Thomas supposed this was not the first time he'd had this sort of conversation, and he lamely changed the subject with, "So where've you traveled with the Royal Household, then, if you stayed during the war," and Ellis took him up on it.

What stories he had to tell—and clearly he enjoyed telling them. Thomas had never thought of service as involving far off places and things, at least not to the extent which seemed perfectly normal for Ellis... then, as a valet he may have seen things differently, and Thomas hadn't been that for years.

He'd wanted that for himself, once.

Butlers didn't get around much.

Talking with him was easy as anything—maybe too easy, if his instincts were wrong, but would he even ever find out?

Their evening came to a natural end when Thomas wrapped up the repair.

"Impressive," said Ellis, as they both looked at it, making sure it lined up with their watches and even the clock from Thomas's room for good measure...

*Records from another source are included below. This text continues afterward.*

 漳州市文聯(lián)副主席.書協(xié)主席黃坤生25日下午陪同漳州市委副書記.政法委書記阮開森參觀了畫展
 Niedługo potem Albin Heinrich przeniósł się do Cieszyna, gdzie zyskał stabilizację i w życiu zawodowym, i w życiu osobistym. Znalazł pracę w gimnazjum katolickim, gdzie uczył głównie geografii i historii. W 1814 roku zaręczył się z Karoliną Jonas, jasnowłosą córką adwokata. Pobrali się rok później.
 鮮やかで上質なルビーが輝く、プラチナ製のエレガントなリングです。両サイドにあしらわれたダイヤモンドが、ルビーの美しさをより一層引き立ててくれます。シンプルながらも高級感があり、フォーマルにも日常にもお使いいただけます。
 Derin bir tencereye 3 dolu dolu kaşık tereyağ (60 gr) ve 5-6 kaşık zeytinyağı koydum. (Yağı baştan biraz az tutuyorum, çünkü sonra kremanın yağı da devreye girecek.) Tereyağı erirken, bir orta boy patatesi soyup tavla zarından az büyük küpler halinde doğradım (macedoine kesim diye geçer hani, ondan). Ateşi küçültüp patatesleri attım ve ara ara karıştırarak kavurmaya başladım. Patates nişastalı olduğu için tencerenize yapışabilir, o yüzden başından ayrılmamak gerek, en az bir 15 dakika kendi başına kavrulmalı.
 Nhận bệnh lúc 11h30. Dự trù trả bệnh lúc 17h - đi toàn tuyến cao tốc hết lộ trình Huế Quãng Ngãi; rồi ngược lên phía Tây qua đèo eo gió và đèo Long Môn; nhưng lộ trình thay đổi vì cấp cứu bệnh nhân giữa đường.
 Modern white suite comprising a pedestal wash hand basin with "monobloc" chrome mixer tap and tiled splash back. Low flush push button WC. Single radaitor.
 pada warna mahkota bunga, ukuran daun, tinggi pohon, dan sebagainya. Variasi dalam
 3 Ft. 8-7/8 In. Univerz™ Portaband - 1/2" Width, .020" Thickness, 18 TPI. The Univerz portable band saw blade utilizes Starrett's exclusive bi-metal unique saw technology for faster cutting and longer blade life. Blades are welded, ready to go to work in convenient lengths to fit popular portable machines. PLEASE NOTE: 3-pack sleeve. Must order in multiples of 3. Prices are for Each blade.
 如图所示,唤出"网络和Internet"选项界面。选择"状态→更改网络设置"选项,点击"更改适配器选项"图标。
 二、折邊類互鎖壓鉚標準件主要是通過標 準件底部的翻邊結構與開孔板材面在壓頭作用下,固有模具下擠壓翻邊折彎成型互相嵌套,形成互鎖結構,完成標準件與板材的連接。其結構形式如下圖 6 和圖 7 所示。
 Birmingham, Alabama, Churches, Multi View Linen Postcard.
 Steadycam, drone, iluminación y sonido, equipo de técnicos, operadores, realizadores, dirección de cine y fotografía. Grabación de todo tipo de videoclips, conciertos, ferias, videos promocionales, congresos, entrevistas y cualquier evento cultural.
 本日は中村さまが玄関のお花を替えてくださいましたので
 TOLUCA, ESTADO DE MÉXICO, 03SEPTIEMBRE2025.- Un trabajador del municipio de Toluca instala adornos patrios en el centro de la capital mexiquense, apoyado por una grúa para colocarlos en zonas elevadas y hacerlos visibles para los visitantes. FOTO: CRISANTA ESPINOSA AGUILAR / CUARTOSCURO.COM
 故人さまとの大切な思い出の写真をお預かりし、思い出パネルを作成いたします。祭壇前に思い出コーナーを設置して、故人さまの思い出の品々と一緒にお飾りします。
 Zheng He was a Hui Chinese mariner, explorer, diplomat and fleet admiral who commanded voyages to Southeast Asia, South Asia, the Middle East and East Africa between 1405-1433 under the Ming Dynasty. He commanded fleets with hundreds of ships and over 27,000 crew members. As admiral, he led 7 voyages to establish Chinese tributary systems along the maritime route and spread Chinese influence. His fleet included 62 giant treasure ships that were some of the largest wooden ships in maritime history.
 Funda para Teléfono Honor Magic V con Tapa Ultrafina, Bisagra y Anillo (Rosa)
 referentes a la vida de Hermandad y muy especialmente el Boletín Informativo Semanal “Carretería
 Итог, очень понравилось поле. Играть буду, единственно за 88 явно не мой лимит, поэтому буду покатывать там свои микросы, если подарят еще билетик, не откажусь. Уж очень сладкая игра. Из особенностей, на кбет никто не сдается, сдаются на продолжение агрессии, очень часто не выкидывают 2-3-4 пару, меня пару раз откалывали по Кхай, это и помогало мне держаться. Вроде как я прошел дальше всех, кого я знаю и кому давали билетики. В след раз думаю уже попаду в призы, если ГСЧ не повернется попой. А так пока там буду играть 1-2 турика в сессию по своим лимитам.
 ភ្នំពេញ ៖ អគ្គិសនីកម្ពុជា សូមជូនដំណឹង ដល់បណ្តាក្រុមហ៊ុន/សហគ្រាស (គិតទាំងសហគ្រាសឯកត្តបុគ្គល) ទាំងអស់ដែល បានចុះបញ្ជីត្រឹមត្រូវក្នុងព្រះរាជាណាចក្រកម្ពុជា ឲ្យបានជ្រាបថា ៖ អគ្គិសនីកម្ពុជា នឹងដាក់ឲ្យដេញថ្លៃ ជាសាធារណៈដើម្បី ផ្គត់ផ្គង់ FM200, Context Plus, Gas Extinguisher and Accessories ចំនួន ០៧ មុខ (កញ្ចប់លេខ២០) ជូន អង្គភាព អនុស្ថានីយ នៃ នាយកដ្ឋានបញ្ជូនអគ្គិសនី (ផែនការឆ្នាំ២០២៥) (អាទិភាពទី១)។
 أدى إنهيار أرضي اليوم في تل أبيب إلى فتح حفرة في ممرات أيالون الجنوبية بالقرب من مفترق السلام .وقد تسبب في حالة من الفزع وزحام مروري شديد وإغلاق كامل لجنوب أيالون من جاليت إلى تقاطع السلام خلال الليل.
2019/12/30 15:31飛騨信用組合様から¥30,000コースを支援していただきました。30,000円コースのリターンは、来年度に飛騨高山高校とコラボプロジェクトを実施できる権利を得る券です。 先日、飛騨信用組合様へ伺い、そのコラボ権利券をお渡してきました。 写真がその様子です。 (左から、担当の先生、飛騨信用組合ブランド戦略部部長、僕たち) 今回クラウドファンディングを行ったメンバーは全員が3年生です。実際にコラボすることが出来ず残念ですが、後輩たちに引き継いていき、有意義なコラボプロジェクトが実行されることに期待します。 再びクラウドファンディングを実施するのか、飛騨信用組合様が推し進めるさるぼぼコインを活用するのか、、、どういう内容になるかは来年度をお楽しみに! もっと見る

And then he was almost sorry it was over, because he didn't want their time alone to end.

Maybe, just maybe, Ellis felt the same way, because as Thomas gathered his things he said, "You'll join me tomorrow, then?"

"Haven't got anything else to do," Thomas returned.

He'd meant it as a joke, but at the uncertain look in Ellis's eyes he added, "Of course I am."

His smile lingered in his mind for the rest of the night and most of the next day, too, and then he got to see more of it than he'd ever imagined he might, even with all of his daydreaming that had come before.

Because Ellis smiled at him as they left Downton, outside the post office, outside the station, getting out of the car, smiled at him as he took Thomas by the hand and brought him into his room, kissed him, made for the bed...

Up close there was just enough moonlight through the window to make out the time, because the clock worked perfectly now, of course... Two minutes to two, and Ellis was looking at him.

"Worried about the hour?"

"One of us ought to be."

Ellis laughed soundlessly, and with such ease that Thomas suspected he'd had plenty of practice.

What happened next happened like in a dream, each step they took expected, foreseen by the ones that came before it. Ellis touched him as if he knew him already, as if he'd been told exactly what to do and was following a script with the lone objective of pleasing him as much as possible.

In the morning, not in his own room, sun shining, he woke up to the comforting tick of the bedside clock, Ellis in his arms.